A descriptive cross-sectional research design utilized two selfadministered questionnaires collected between July 31 and August 31 2014. This design was chosen because it is quick, economical, and provided the researcher with information relating to the relationships and associations between variables of interest, as they exist in the natural state.

4. Population and Setting

This study was conducted at two hospitals in the North West Region of Cameroon. The first hospital: Bamenda Regional Hospital is own and operated by the government. The second hospital, St. Monica Hospital - Ndop is a small rural hospital about 30 Km from Bamenda and is own and operated by the Catholic Mission. The North West region was chosen because it is the second largest and most densely populated region among Cameroon’s ten regions [22].

A convenience sample of adult males and females, who were established patients at the outpatient hypertension clinics at both hospitals were eligible to participate in the study.

Inclusion criteria for sample selection:

  1. Eighteen (18) years and above
  2. Diagnosed with hypertension for at least 6 months
  3. Speaks and understand English or Pidgin English
  4. Currently taking at least one antihypertensive medication for the past 6 months

Exclusion Criteria:

  1. Pregnant women
  2. Patients with mental illness
  3. Patients needing emergency care
  4. Patients who were critically ill.

5. Ethical Considerations

Approval to conduct this study was obtained from William Paterson University Institutional Review Board Committee, Bamenda Regional Hospital and St. Monica Hospital. All participants were informed of the study purpose and a verbal consent was obtained. Confidentiality and anonymity of each participant was maintained.

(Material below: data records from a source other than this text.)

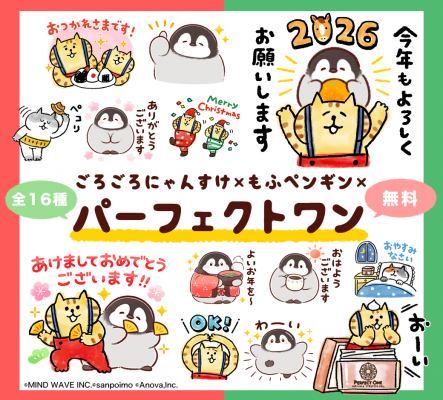 エイノバ株式会社(本社:東京都千代田区、代表取締役社長:安倍義人)のマネジメントするクリエイター さんぽいもが描く人気キャラクター「もふペンギン」と、「ごろごろにゃんすけ」(株式会社 マインドウェイブ)のコラボLINEスタンプが新日本製薬株式会社『パーフェクトワン』のLINE公式アカウントより、2025年12月9日(火)に無料配信されました。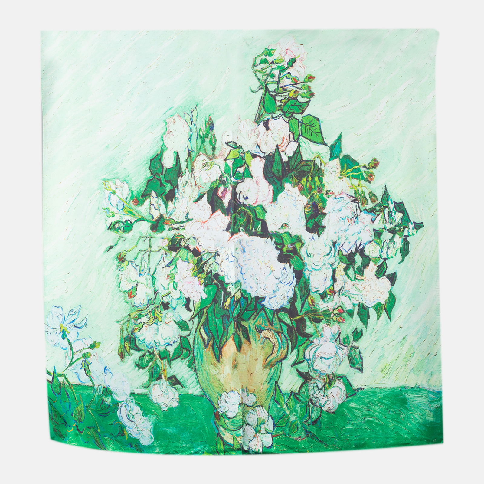 Esarfa patrata cu o singura fata imprimata cu reproducerea dupa " Vaza cu trandafiri albi" de Van Gogh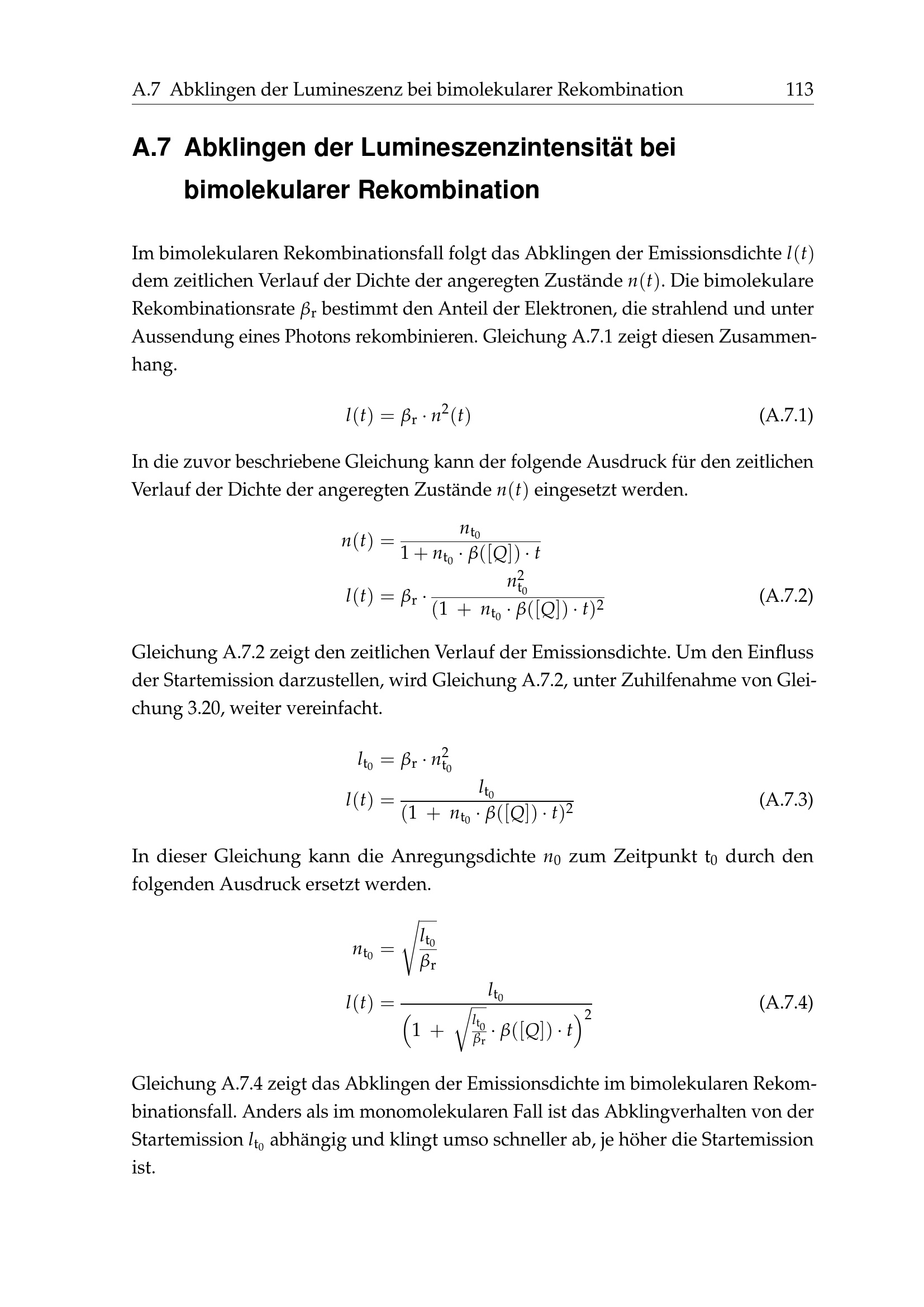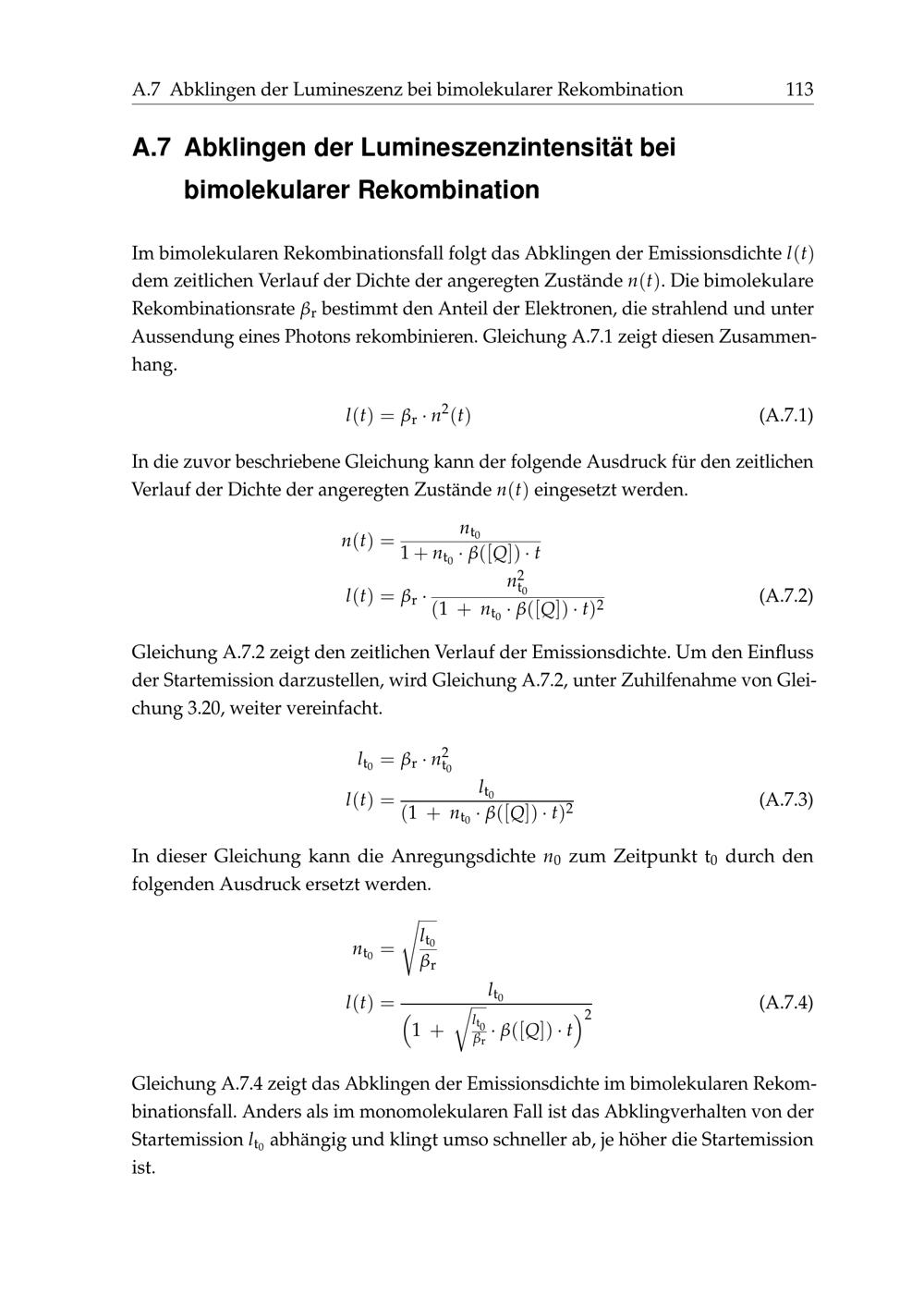 Abklingen der Lumineszenz bei bimolekularer Rekombination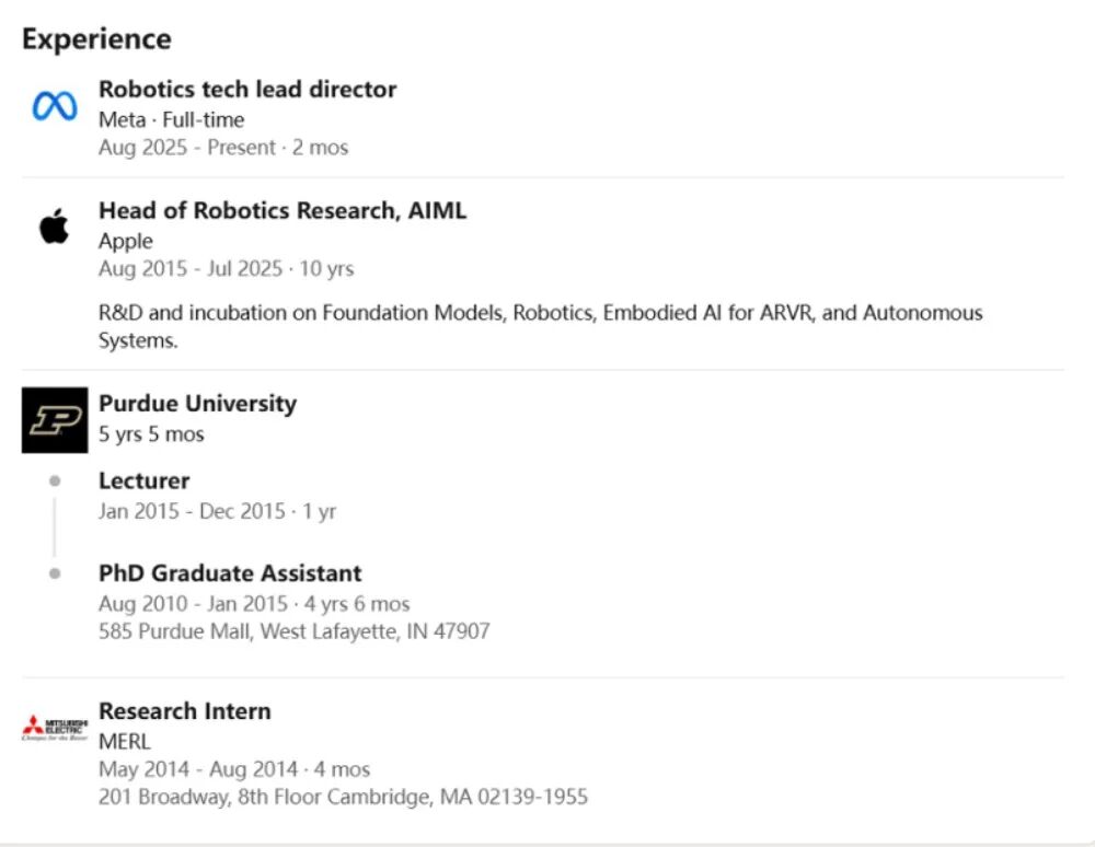 他此前在苹果领导一个专注于自动化技术及AI产品应用的机器人研究团队,隶属AI/ML部门。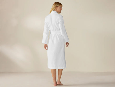 Inspired by Coyuchi's best-selling organic cotton Cloud Loom towels, this robe begins with the same long-staple cotton, loomed into single loops that feel thick and plush, yet lofty. The Aerospin process aligns the fibers in each yarn, making the robe just as soft and absorbent as our towels but a touch smoother and sleeker. The classic shawl-collared silhouette wraps cozily and features an adjustable belt and side pockets.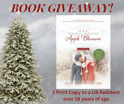 Enter to win a hardcover 'gift book' copy of my first novel, 'A Holiday Miracle in Apple Blossom.' This book is a Christian contemporary holiday romance which won Cedar Fort Publishing's 2013 Holiday Tale Contest. The giveaway is open until December 31st. The winner will receive the book in the mail sometime in January, 2023, directly from Cedar Fort Publishing. Giveaway courtesy of the publisher. This giveaway is my way of saying 'thank you' to all of my loyal readers and subscribers! a Rafflecopter giveaway 🌟🌟🌟 P.S. -- Leave a comment on this blog post to receive 3 bonus entries into the giveaway! 🌟🌟🌟 💝🎄💝🎄💝🎄💝🎄💝🎄💝🎄
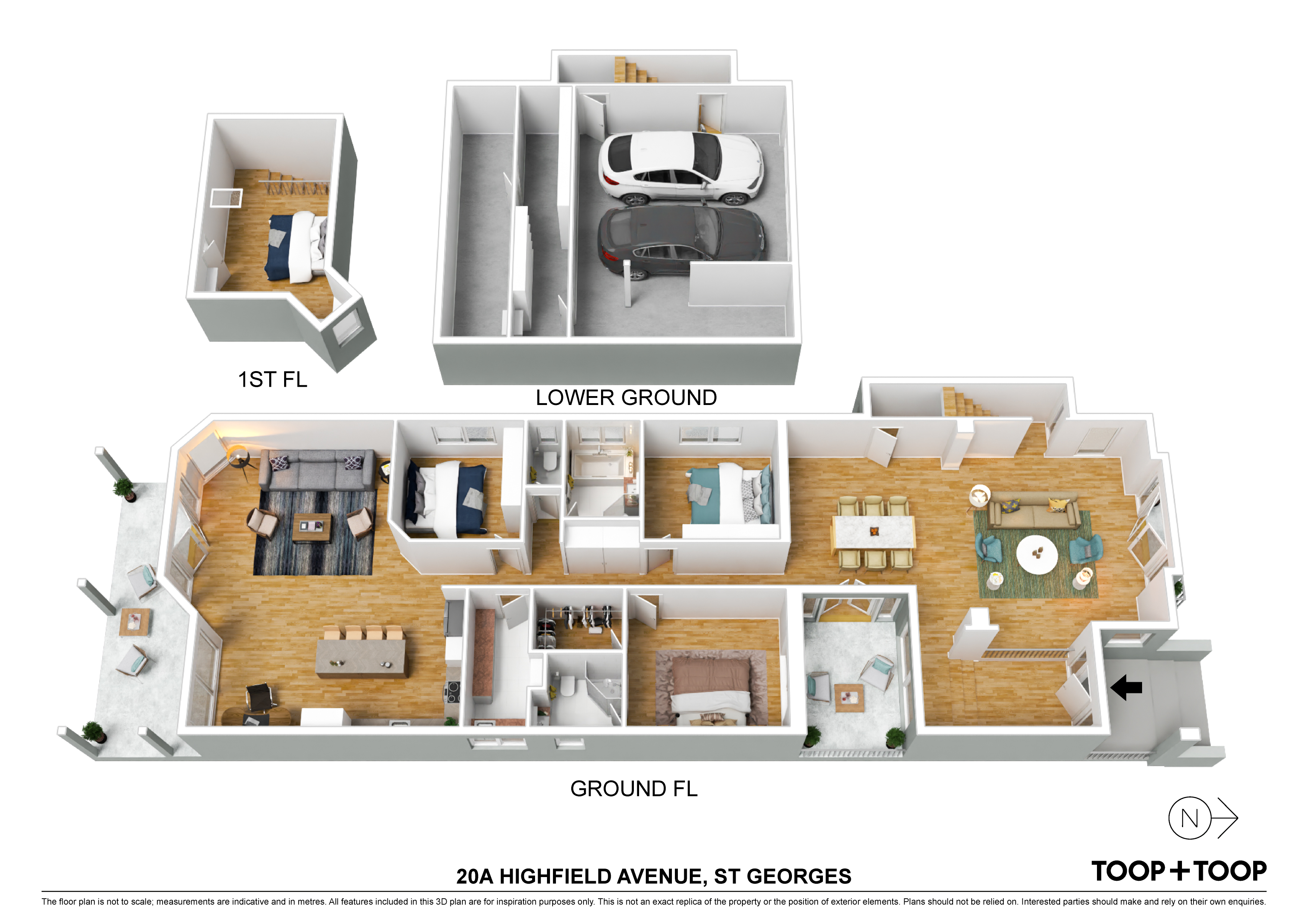 Accommodation is thoughtfully arranged. The master suite is a private retreat with walk-in robe and a deluxe ensuite featuring a vanity with stone top, illuminated mirror and floor-to-ceiling wall tiles. Bedrooms two and three are of generous size and provide built-in robes. They are serviced by a beautifully finished main bathroom also in same standard which showcases a deep-soaker bath where you can relax after a long day at work, a stylish vanity unit also with stone top, floor-to-ceiling tiles plus an illuminated mirror with Bluetooth so you play your favourite music whilst in relaxing mode. A flight of stairs leads you to a loft-style space which adapts to your needs as a spacious fourth bedroom which would be ideal for a teenager, a personal studio or even an inspiring home office, all complete with a reverse cycle split-system air conditioner. There is also additional roof storage.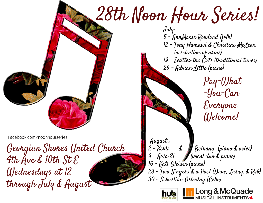 2023 marks the return of the Annual Noon Hour Series at Georgian Shores United Church, every Wednesday at noon beginning July 5th. Each week we will be presenting music performed by local favourites, and nationally acclaimed musicians. Georgian Shores United Church Every Wednesday at Noon to 1pm

5.1 Instruments and data collection methods

Data was collected using two self-administered surveys. A standardized demographic questionnaire was adapted from the study by Lee et al. [21] and modified to the population of interest. This questionnaire included demographic variables: age, gender, marital status, education, occupation, income, smoking, alcohol, number of antihypertensive medication used and duration on antihypertensive medication. Distance from home to clinic, traditional medicines use, method of transportation, and perceive health status was added to provide a better caption of the population of interest.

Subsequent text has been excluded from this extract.